Here are a few things I have done over the years:

I went to free classes given by the local Chamber of Commerce.

Read books and articles.

Started a list called "Business Bootstrappers" so I can forward things from HN
and have a record to return to. In theory, this might someday lead to actual
discussion with like minded others.

Collected recyclables while incredibly poor and in desperate need of the
money. This taught me a fair amount about making decisions like "Do I just
need The Money today, no matter how much time and effort it takes me? Or is
this is a situation where the extra time and effort costs too much and is
really a bad idea? Where is the sweet spot here for making money at a
reasonable margin of return for what it costs me to do this?"

Over the years, I have spent a whole lot of time pondering the question of how
and what to charge other people.

I was a good student in high school and I sometimes felt like the teacher's
were vindictively taking points off because I didn't spend enough time on it
in their opinion. It was what I thought of as "sweat equity grading." It
didn't really matter if it was right, they were just (seemingly) mad that I
had the answer with seemingly no effort.

This experience has had me long wondering how to price things based on value
to the customer rather than on time and effort on my end. There are sometimes
comments on HN that indicate that you shouldn't really charge by the hour as
that keeps you trapped as a wage slave. You need to figure out how to charge
for value delivered as a separate question from time and effort on your end.
That is the only way to really get rich.

It is also the only thing that makes sense for selling high level expertise.
Kind of like the joke about the invoice that says something like "$1 for
tapping the thing. $999 for knowing where to tap."

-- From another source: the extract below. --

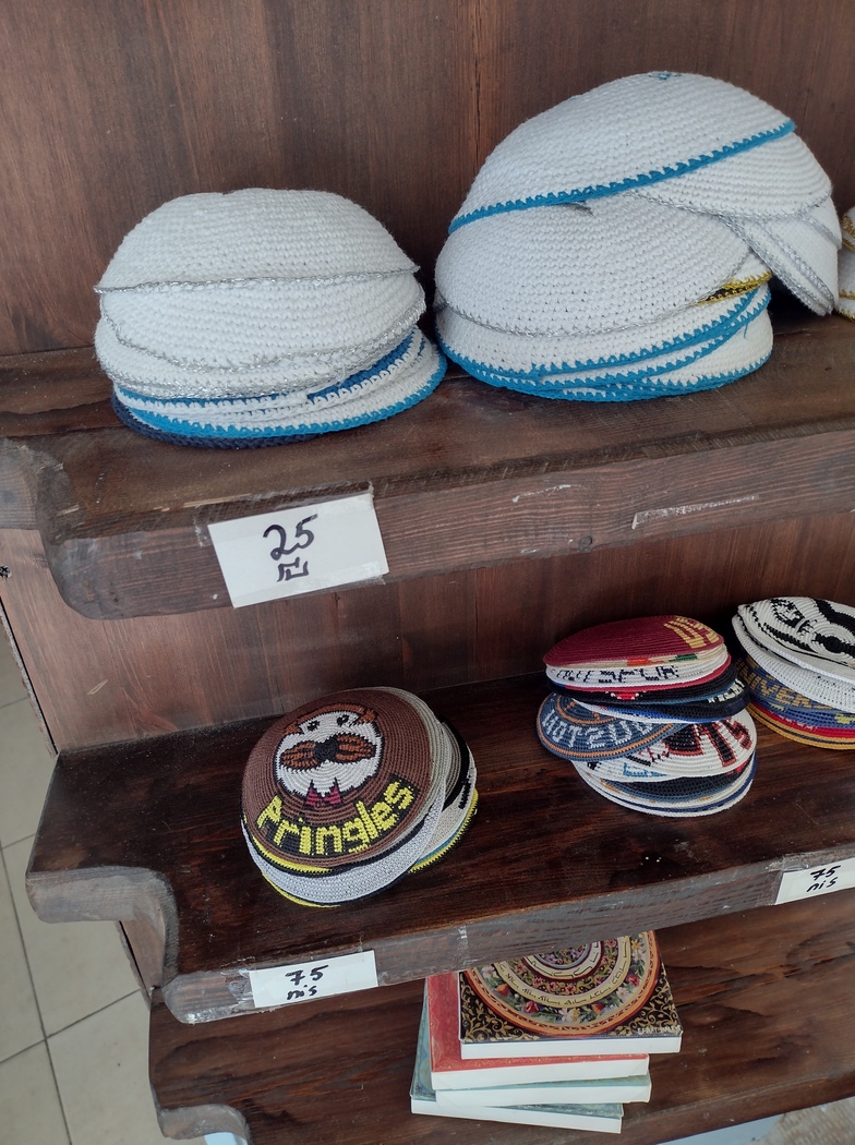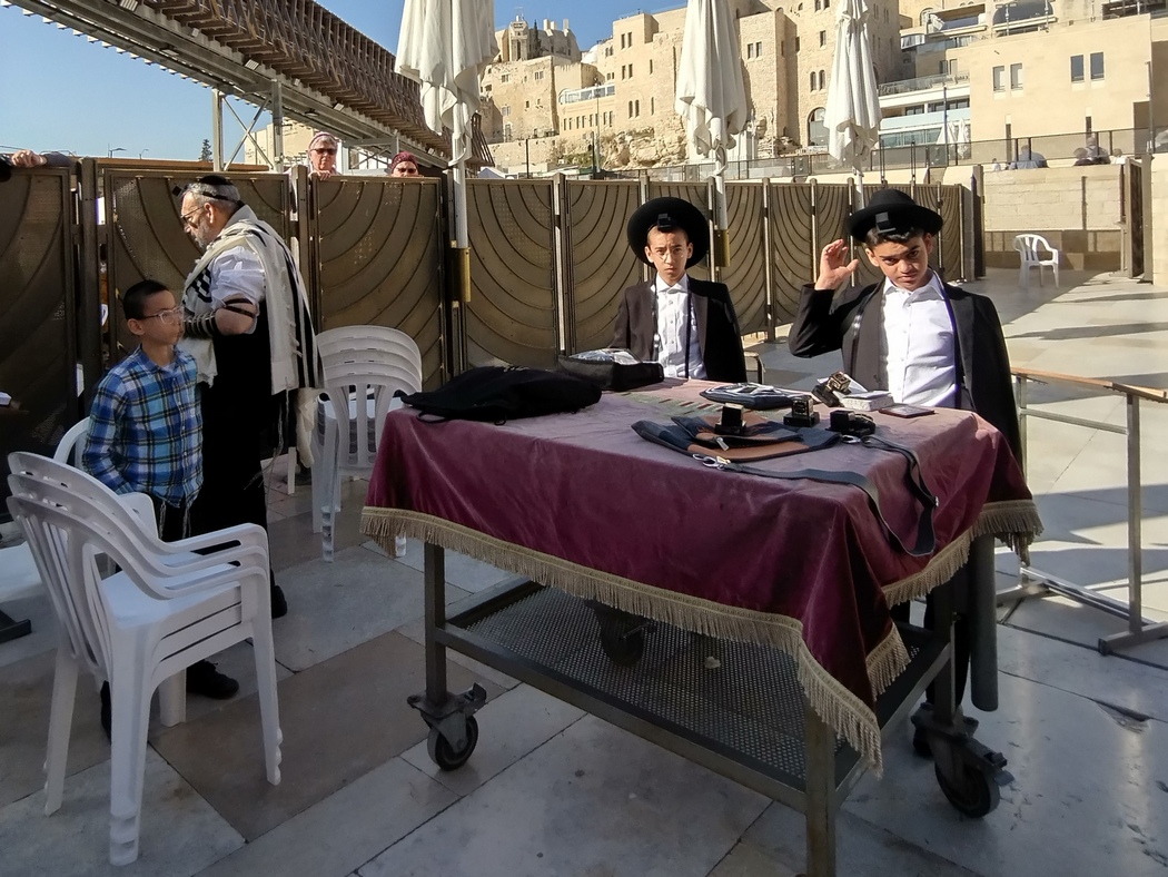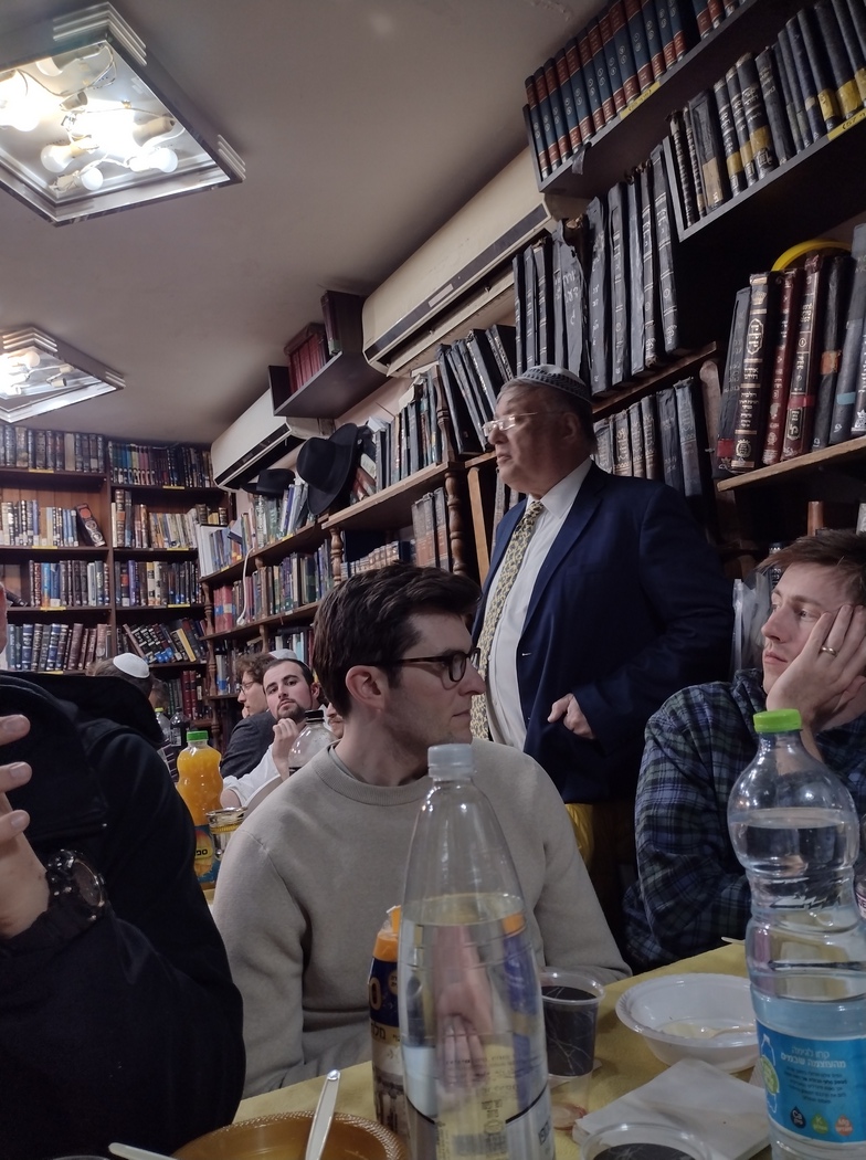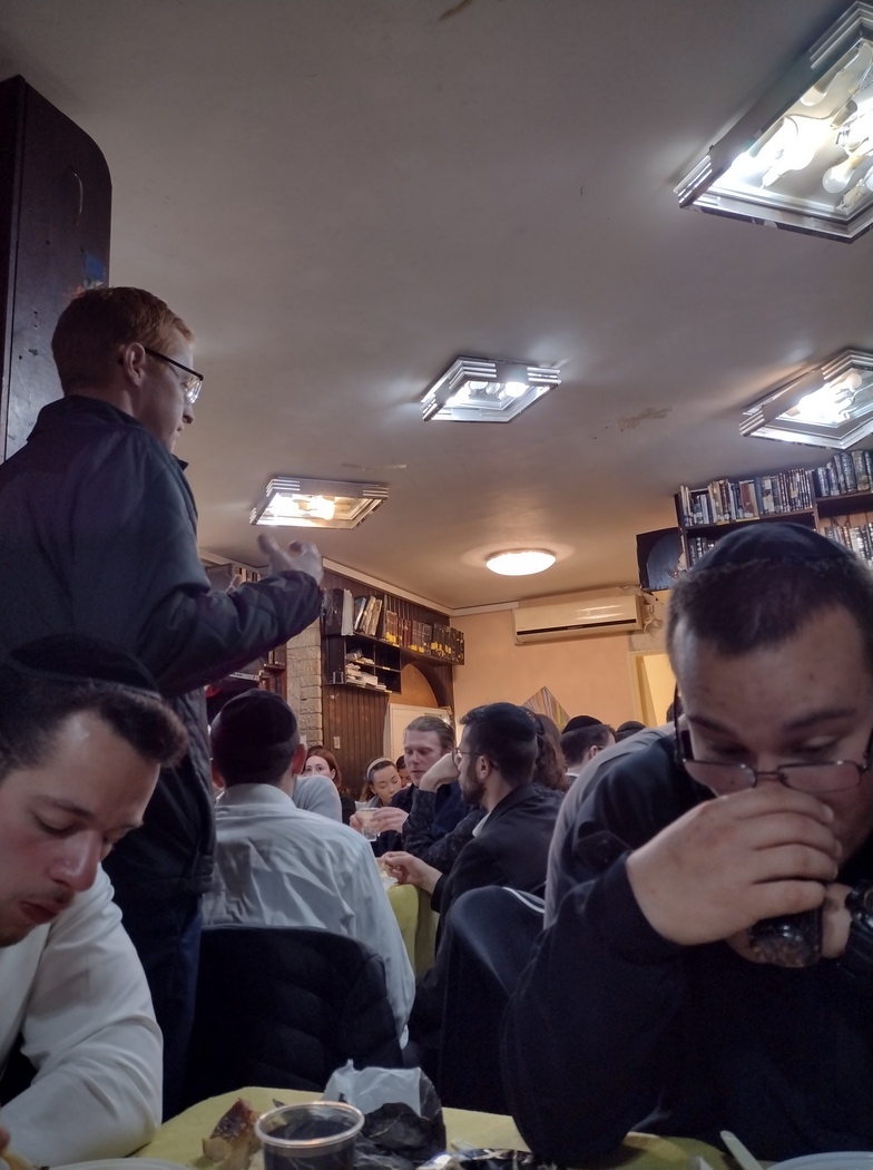 Der Raum konnte die etwa 150 anwesenden, überwiegend orthodoxen Juden, kaum fassen, sodass wir dichtgedrängt an den Tischen zu jeweils rund 10 Personen saßen, allerdings regelmäßig aufstehen mussten, um Neuankömmlige passieren zu lassen oder die über die Köpfe hinweg gereichten Speisen weiter zu reichen. Die beiden neben Tilmann sitzenden Brüder waren in Aachen geboren und lebten für ihre Thora-Studien nun für einige Jahre in Jerusalem. Neben Hebräisch sprachen sie Englisch, Niederländisch, Französisch und Deutsch. Es wurden Vorträge gehalten, gemeinsam gesungen und dabei auf den Tischen getrommelt und vor allem, weitestgehend auf Etikette verzichtend, gemeinsam ausgiebig gespeist. Insgesamt wurden etwa sieben Gänge gereicht und nach jedem zweiten wurde die gesamte Gemengelage aus Plastik-Geschirr und Speiseresten in gigantischen hin- und hergereichten schwarzen Müllsäcken versenkt. Da diese Säcke auch über Köpfe wanderten, machte sich Tilmann ein ums andere Mal Sorgen um deren Dichtheit, da die Speisereste natürlich durchaus auch flüssige Bestandteile enthielten. Es ging aber alles gut, auch konnten alle Tabletts mit den frischen Köstlichkeiten aus der Küche ohne Absturz über die Köpfe balanciert werden. Ein solches Event hatte aufgrund seines eindeutigen Praise-the-lord-Bezugs irgendwie auch etwas sektenhaftes, aber es war ohne Frage eine sehr angenehme neue Erfahrungen mit interessierten und freundlichen Menschen.

So I am trying to figure out how to sell my services by the "piece" rather
than by the hour. I don't like selling by the hour. I am trying to commodify
my services and say "X item costs $y amount" rather than charging by the hour
for most things. That way if I run into a snag, I am not charging customers
for what I didn't know and had to research, but, by the same token, if it was
easy for me because I have years of experience, I am not undercharging because
it only took me 10 minutes.

I am charging for those years of experience and the knowledge I have. I should
get paid a reasonable amount because it saves them hours and hours and gets
them something better quality than they could create on their own, not for my
10 minutes per se.